351.99]] average:350.02 '
By the way, calculate the highest and lowest average in 5 days
Print (' The highest value is: {:. 2f}, the week {} '. Format (Np.max (averages), Np.argmax (averages)))
print (' The lowest mean is: {:. 2f}, the week {} '. Format (np.min (averages), np.argmin (averages))
' The highest mean is: 352.14, the Week 2
the lowest mean is: 350.02, the Week 4
'''
Week Summary
Sometimes, we want to make a statistical summary by week, for example: I want to see the first three weeks, the Monday open, the closing price of Friday, the highest and lowest prices in a week.
The first is still to get the data we need
Dates, open, high, low, close = Np.loadtxt (' data.csv ', delimiter= ', ', usecols= (1, 3, 4, 5, 6), Converters={1:datestr2num}, Unpack=true)
The index is then created for the first three weeks, corresponding to the three-week stock name, the Monday opening price, the highest price of the week, the lowest of the week, and the Friday closing
# split () can divide the array equally
weeks_indices = Np.split (np.arange (0), 3)
print (' Weeks indices: {} '. Format (weeks_ indices))
Weeks indices: [Array ([0, 1, 2, 3, 4]), Array ([5, 6, 7, 8, 9]), Array ([10, 11, 12, 13, 14])]
Here is a brief introduction to the Apply_along_axis () function
Numpy.apply_along_axis (func, axis, arr, *args, **kwargs)
Required Parameters: Func,axis,arr. Where Func is our custom function, the arr in the function func (arr) is an array, and the function's main function is to transform every element in the array to get the result of the target.
Axis represents a function func an array of arr axes, 1: transverse, 0: Vertical
Optional parameters: *args, **kwargs. Are all func () function extra parameters
Return value: the Numpy.apply_along_axis () function returns an array based on the Func () function and the dimension axis operation
Example:
Def My_func (a): Return
(A[0] + a[-1]) * 0.5
B=np.array ([[[1,2,3,4],[5,6,7,8],[9,10,11,12]])

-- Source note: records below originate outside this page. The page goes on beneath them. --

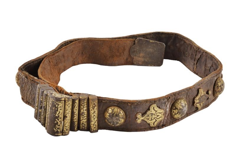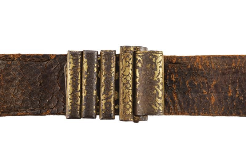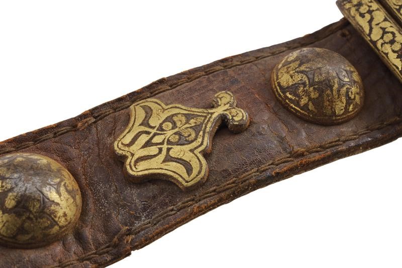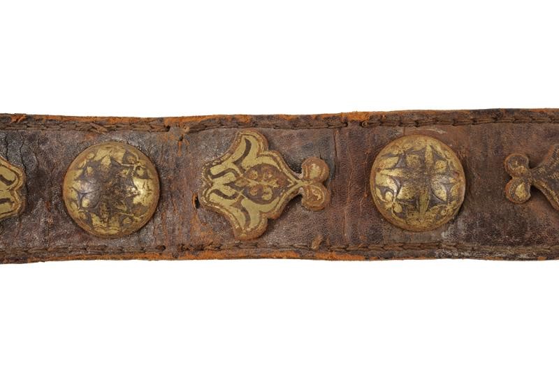 Made of leather (signs of use and time) with iron mounts decorated with gold floral motifs (missing parts). Complete with buckle and loops.
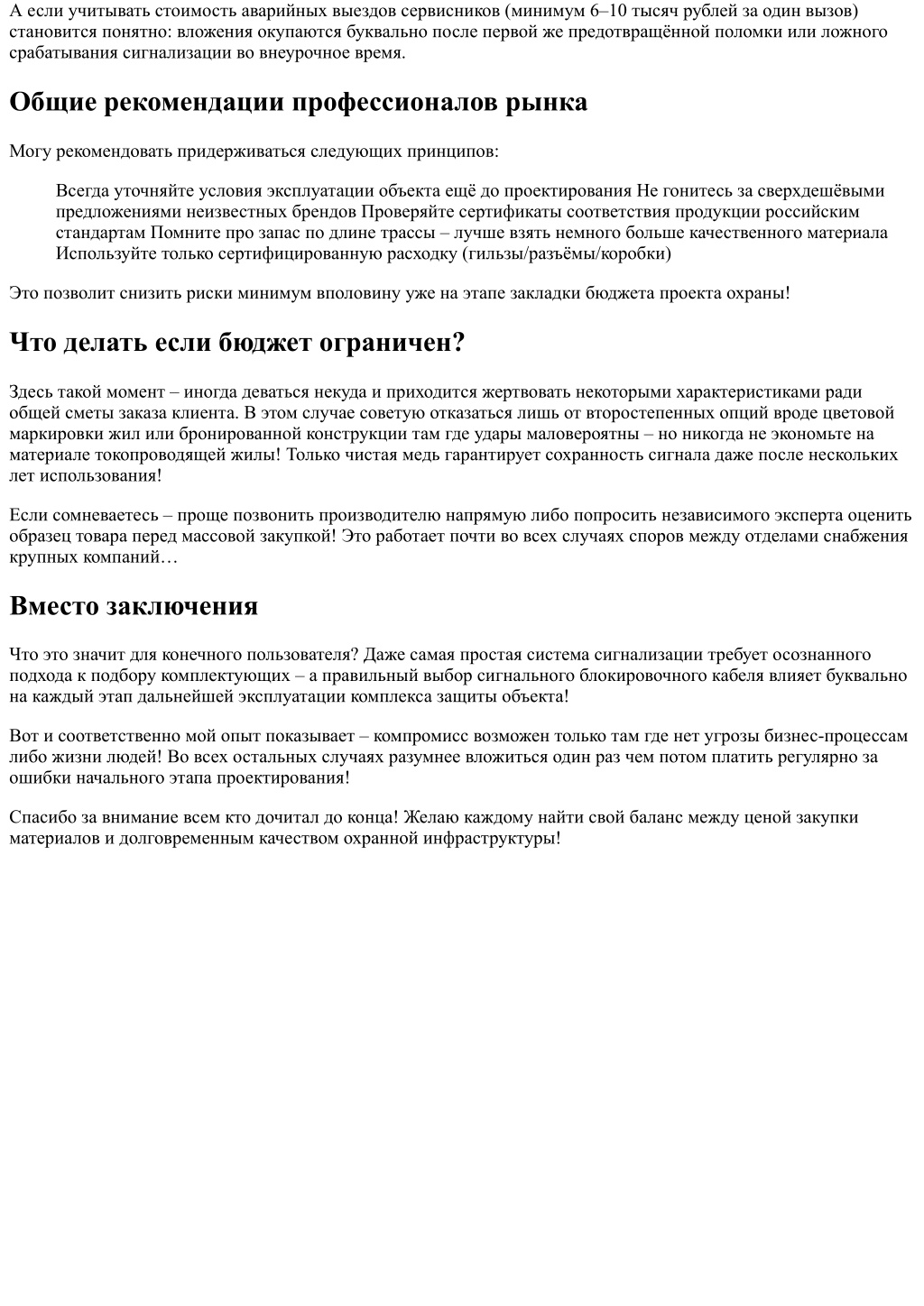 А если учитывать стоимость аварийных выездов сервисников (минимум 6–10 тысяч рублей за один вызов) становится понятно: вложения окупаются буквально после первой же предотвращённой поломки или ложного срабатывания сигнализации во внеурочное время. Общие рекомендации профессионалов рынка Могу рекомендовать придерживаться следующих принципов: Всегда уточняйте условия эксплуатации объекта ещё до проектирования Не гонитесь за сверхдешёвыми предложениями неизвестных брендов Проверяйте сертификаты соответствия продукции российским стандартам Помните про запас по длине трассы – лучше взять немного больше качественного материала Используйте только сертифицированную расходку (гильзы/разъёмы/коробки) Это позволит снизить риски минимум вполовину уже на этапе закладки бюджета проекта охраны! Что делать если бюджет ограничен? Здесь такой момент – иногда деваться некуда и приходится жертвовать некоторыми характеристиками ради общей сметы заказа клиента. В этом случае советую отказаться лишь от второстепенных опций вроде цветовой маркировки жил или бронированной конструкции там где удары маловероятны – но никогда не экономьте на материале токопроводящей жилы! Только чистая медь гарантирует сохранность сигнала даже после нескольких лет использования! Если сомневаетесь – проще позвонить производителю напрямую либо попросить независимого эксперта оценить образец товара перед массовой закупкой! Это работает почти во всех случаях споров между отделами снабжения крупных компаний… Вместо заключения Что это значит для конечного пользователя? Даже самая простая система сигнализации требует осознанного подхода к подбору комплектующих – а правильный выбор сигнального блокировочного кабеля влияет буквально на каждый этап дальнейшей эксплуатации комплекса защиты объекта! Вот и соответственно мой опыт показывает – компромисс возможен только там где нет угрозы бизнес-процессам либо жизни людей! Во всех остальных случаях разумнее вложиться один раз чем потом платить регулярно за ошибки начального этапа проектирования! Спасибо за внимание всем кто дочитал до конца! Желаю каждому найти свой баланс между ценой закупки материалов и долговременным качеством охранной инфраструктуры!
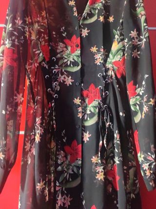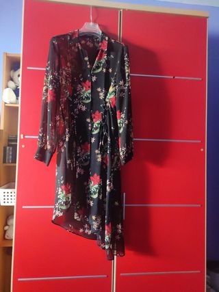 precioso bluson o captan para salir de fiesta o cena llega hasta la rodilla a mi que soy bajita con corte asimétrico de manga larga y transparente con unos lazo justo debajo del pecho para ajustar o soltar queda precioso. usado 2 veces talla S
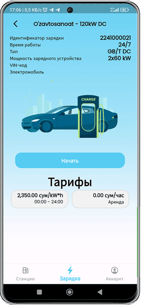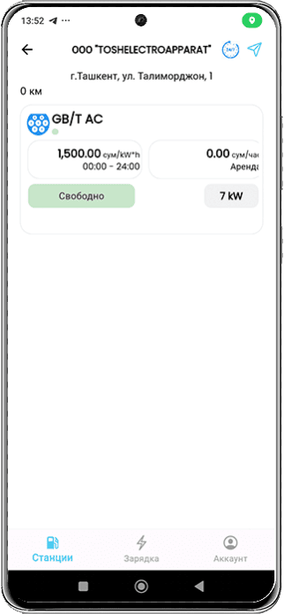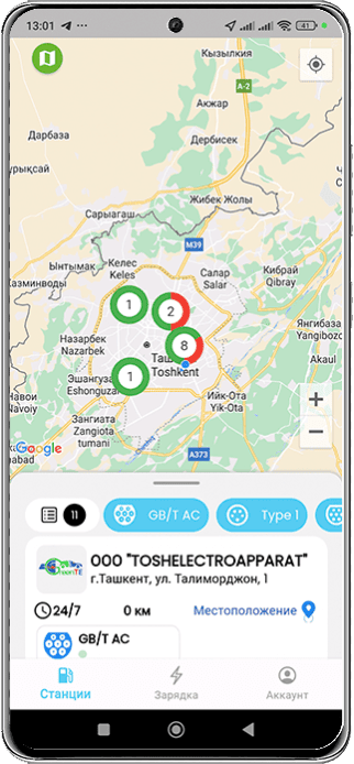 Мобильное приложение GreenTE предназначено для управления зарядными станциями и контролем процесса зарядки. Интерфейс приложения позволяет получать информацию о состоянии зарядных станций и устройств, бронировать место зарядки. В приложение встроена система биллинга для оплаты — каждый пользователь производит оплату за процесс зарядки через индивидуальный счёт в приложении, который можно своевременно пополнять с помощью интегрированной в приложение платёжной системы CLICK. На данный момент разрабатываются методы оплаты, добавлением международных банковских карт. С помощью приложения пользователи могут легко получать уведомления о процессе заряда, статусе зарядных станций, а также получать информацию о доступных тарифах и услугах. Мобильное приложение Green TE — это удобный и эффективный инструмент для взаимодействия с зарядными станциями и повышения эффективности использования энергии.
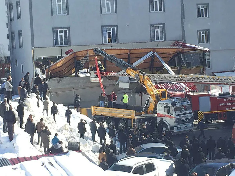 Bitlis'in Hüsrevpaşa Mahallesi'nde bulunan bir kafenin teras çatısı yağan karın ağırlığına dayanamayarak çöktü. O sırada kafede bulunanlardan 1'i hayatını kaybederken, 7 kişi de yaralandı. Olay yerine çok sayıda kurtarma ekibi sevk edilirken, yaralılar hastaneye kaldırıldı.
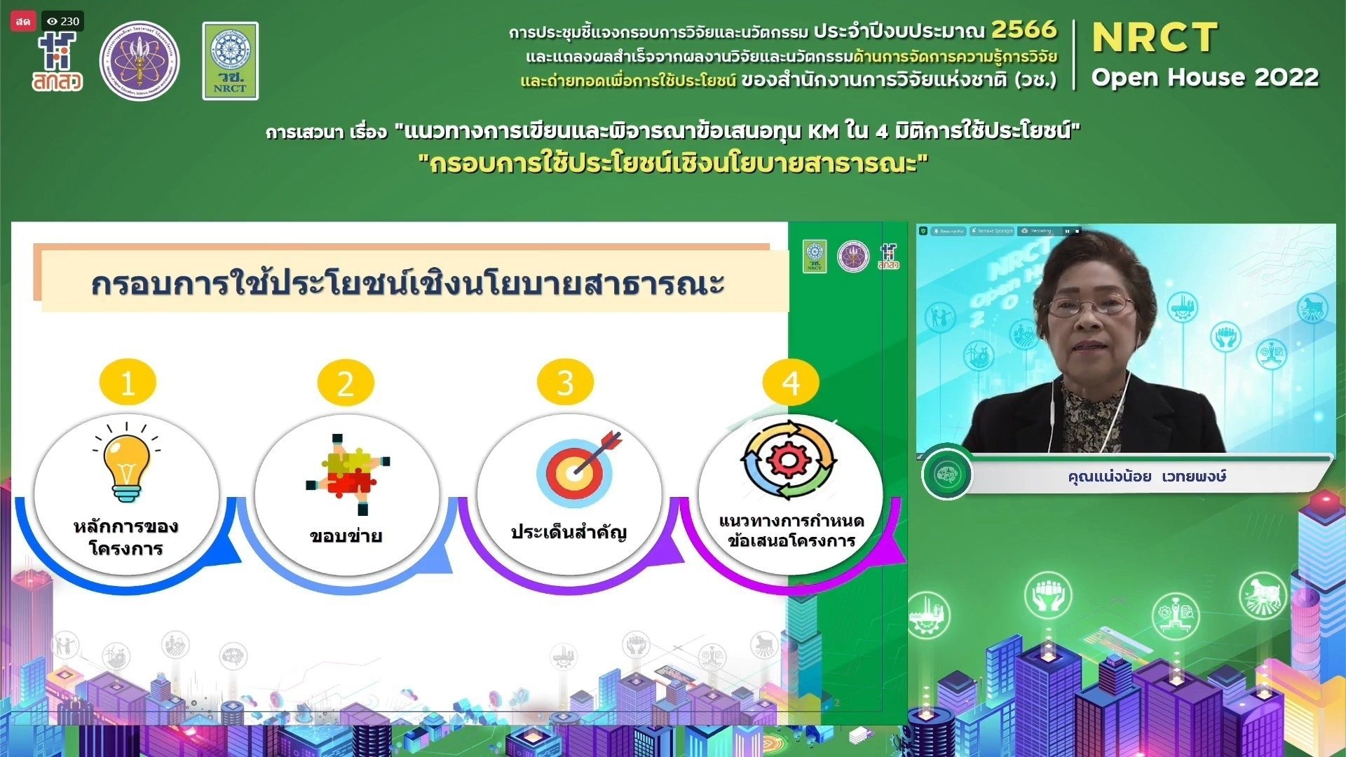 phatheaw วันนี้พามาที่ สำนักงานการวิจัยแห่งชาติ (วช.) กระทรวงการอุดมศึกษา วิทยาศาสตร์ วิจัยและนวัตกรรม ดร.วิภารัตน์ ดีอ่อง ผู้อำนวยการสำนักงานการวิจัยแห่งชาติ เป็นประธาน จัดการประชุมชี้แจงกรอบการวิจัยและนวัตกรรมด้านการจัดการความรู้การวิจัยและถ่ายทอดเพื่อการใช้ประโยชน์ (KM) ประจำปีงบประมาณ 2566 และการแถลงผลสำเร็จจากผลงานวิจัยและนวัตกรรมด้านการจัดการความรู้การวิจัยและถ่ายทอดเพื่อการใช้ประโยชน์ NRCT Open House 2022 “วิจัยและนวัตกรรมในประเด็นท้าทายของประเทศ” เพื่อชี้แจงกรอบการวิจัยและนวัตกรรม ประจำปีงบประมาณ 2566 ของ วช. และแนวทางการเขียนและพิจารณาข้อเสนอการวิจัยและนวัตกรรม รวมทั้งแถลงผลสำเร็จจากการวิจัยและนวัตกรรม เพื่อเป็นเวทีแลกเปลี่ยนประสบการณ์การเขียนข้อเสนอการวิจัยและนวัตกรรมและการยื่นขอทุน วช. ด้านการจัดการความรู้การวิจัยและถ่ายทอดเพื่อการใช้ประโยชน์
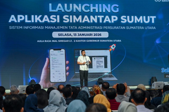 “Sistem ini tujuan utamanya mempercepat dan mempermudah. Jangan lari dari konsep ini,” tegas Bobby saat peluncuran di Aula Raja Inal Siregar, Kantor Gubernur Sumut, Medan, Selasa (13/1/2026).
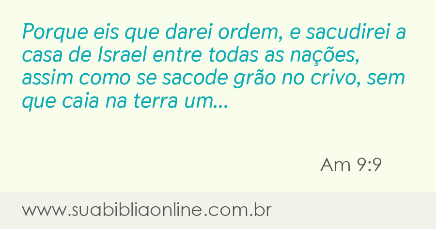 Pois eis que darei ordens, e sacudirei a casa de Israel em todas as nações, assim como se sacode grão no crivo; todavia não cairá sobre a terra um só grão.
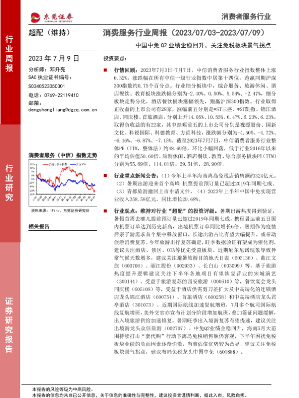 【东莞证券】【20230709】消费服务行业周报:中国中免Q2业绩企稳回升,关注免税板块景气拐点-11页
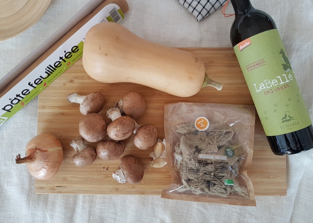 Dans cette recette vegan, pensez à choisir un vin blanc bio et vegan ! Je vous propose un vin blanc sec italien, cépage Malvoisie. Vous l’utiliserez pour déglacer à la fin de la cuisson de la garniture, puis vous le dégusterez avec la tourte !
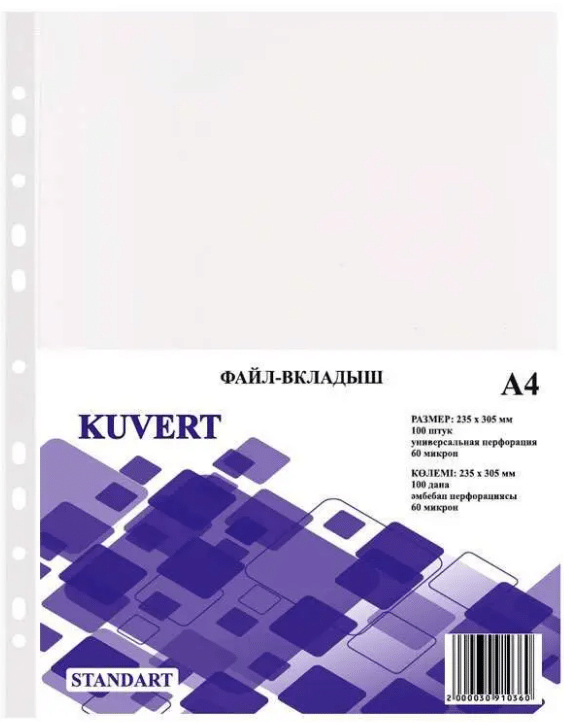 Файл прозрачный A4, 0,060мм KUVERT, 100 шт.в уп.
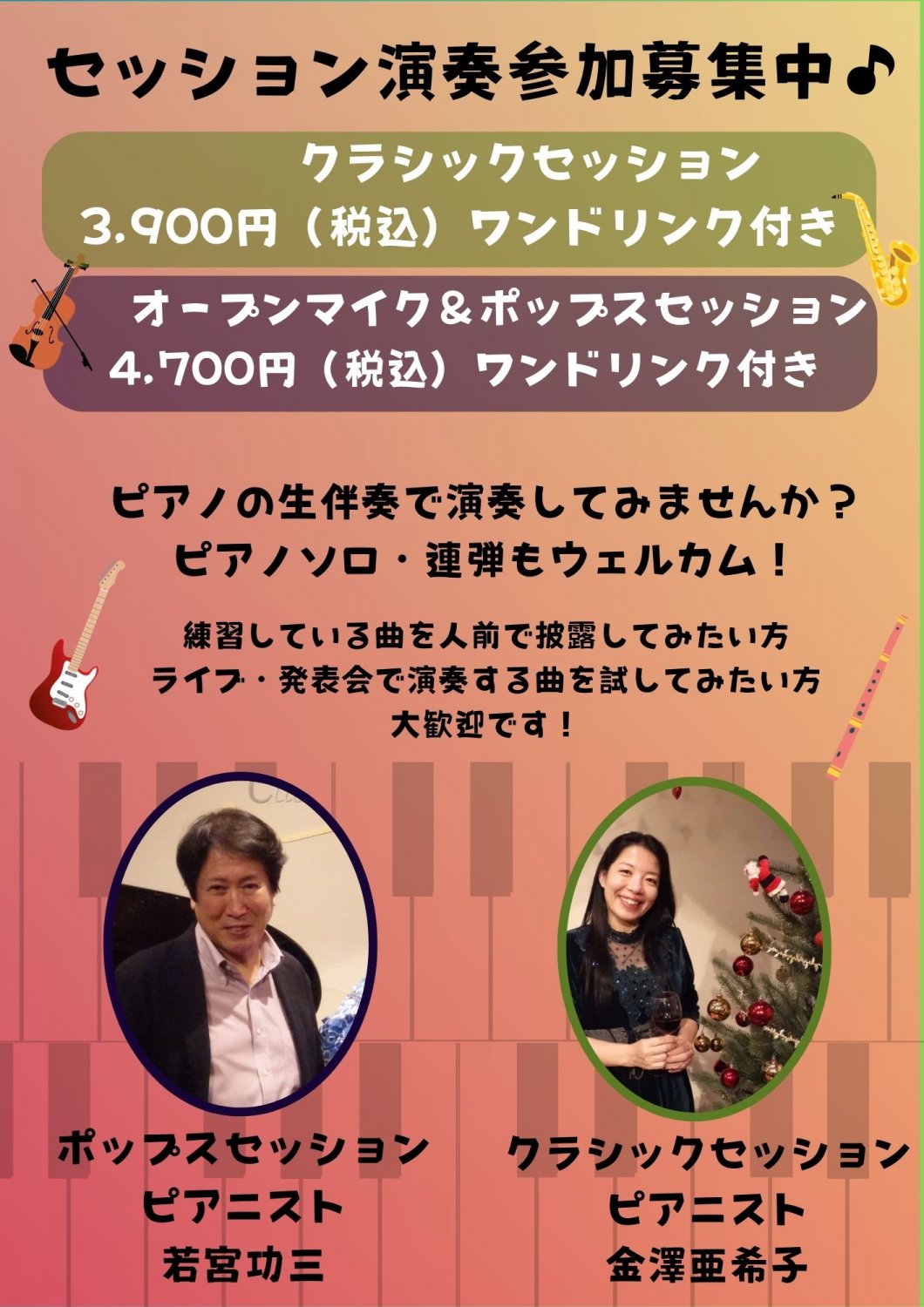 【ポップスセッション】学生チケットあり・・・オープンマイク&楽器演奏 ポップス・ジャズ・シャンソン・演歌が特におすすめ♬(ミュージカル曲の初見対応も可能です)
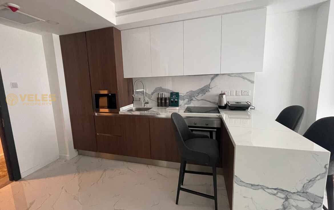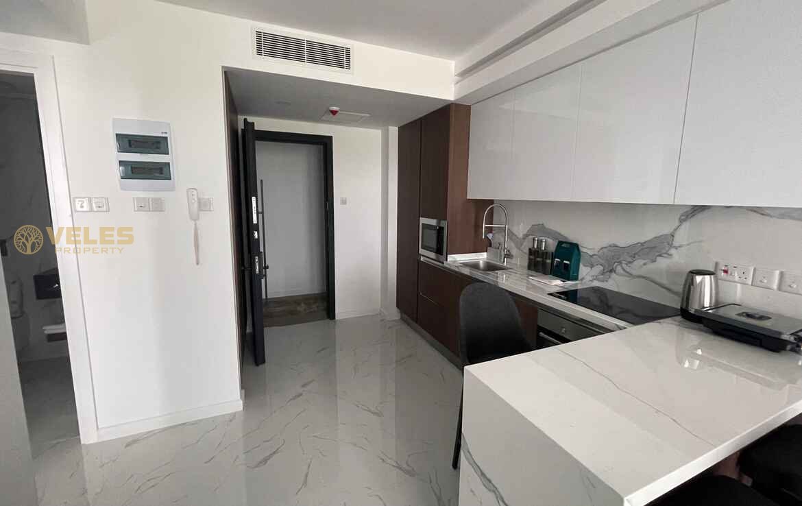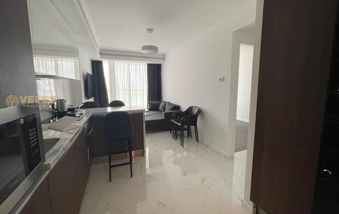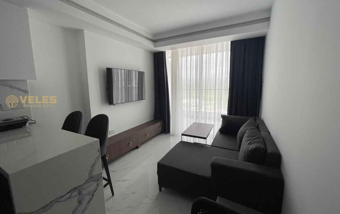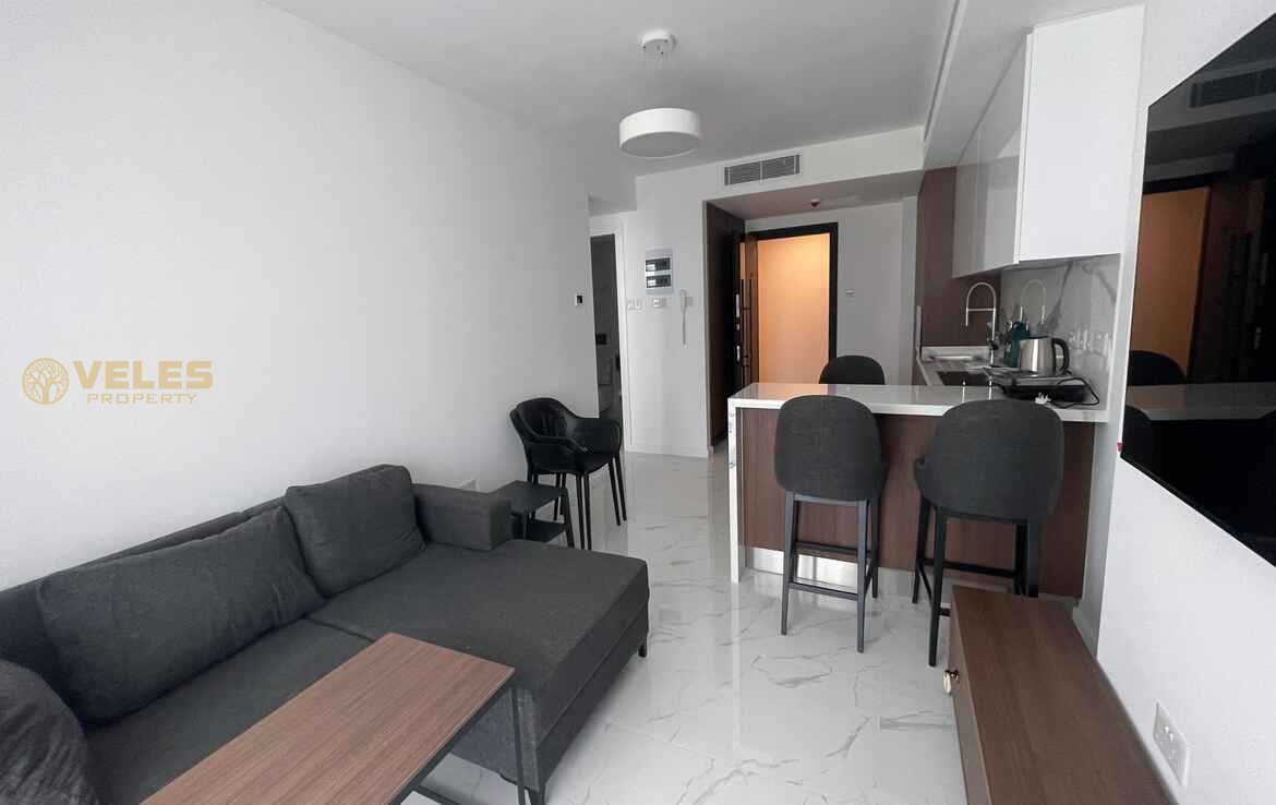 This stylish 1+1 apartment (74 m²) features a modern layout and comes fully furnished, ready for immediate move-in or rental. A bright living space, cozy bedroom, functional kitchen, and a balcony create a comfortable seaside lifestyle. High-quality finishes enhance the overall appeal.
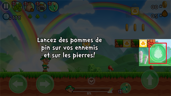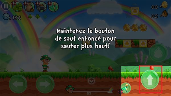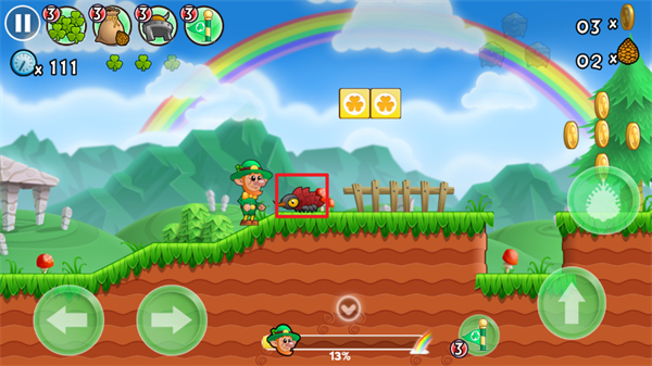 4、此時玩家將需要正式的開啟游戲,遇到四葉草時,可以點擊向上箭頭按鈕來進行金幣的獲?。?
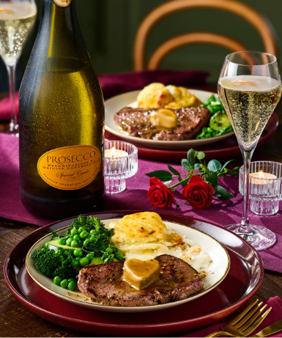 Lest we forget dessert. You can choose between a range of sweet treats, including chocolate and pistachio melt-in-the-middle pudding, lemon tart, sticky toffee pudding, profiteroles and more. Raise a glass to love with a prosecco or an alcohol-free sparkling rosé.
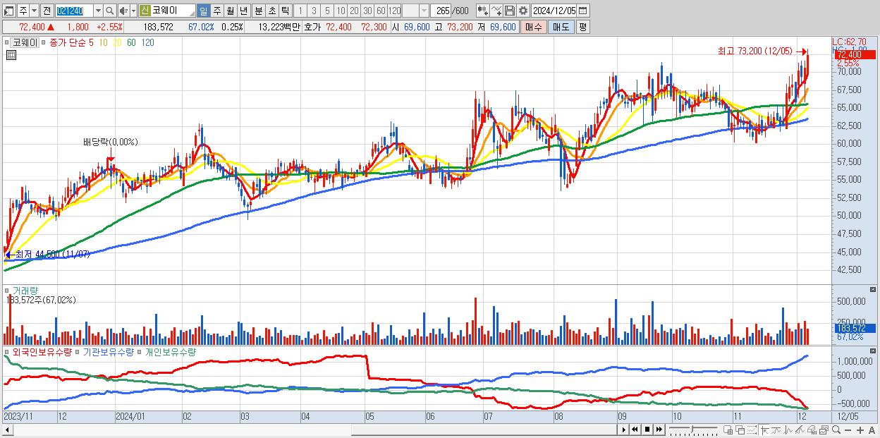 코웨이 72,400원 ▲ 2.55% (KOSPI, 021240)

res = Np.apply_ Along_axis (My_func, 0, b) # vertical
print (res) # [5. 6.7. 8.]
res = Np.apply_along_axis (My_func, 1, b) # transverse
print (res) # [2.5 6.5 10.5]
Before we go back, we'll set a summarize () function to calculate the weekly totals
def summarize (A, O, H, L, c): Monday_open = o[a[0]] # Monday Opening Week_high = Np.max (Np.take (H, a)) # The highest price in a week Week_low
= Np.min (Np.take (L, a)) # lowest Price in one week Friday_close = c[a[-1]] # Friday closing Return ("APPL", Monday_open, Week_high, Week_low, Friday_close) # invokes the Apply_along_axis () function, passing in the correlation parameter weeksummary = NP
. Apply_along_axis (summarize, 1, weeks_indices, open, high, low, close) print (' Week summary: {} '. Format (weeksummary)) ' Week Summary: [[' APPL ' ' 344.17 ' 345.65 ' ' 333.53 ' ' 343.44 '] [' APPL ' ' 343.61 ' ' 360.0 '] ' 343.51 ' ' 354.54 '] [' APPL ' 3
54.75 ' 364.9 ' 353.54 ' 358.3 ']] ' # to save processed data to local Np.savetxt (' Weeksummary.csv ', weeksummary, delimiter= ', ', fmt= '%s ')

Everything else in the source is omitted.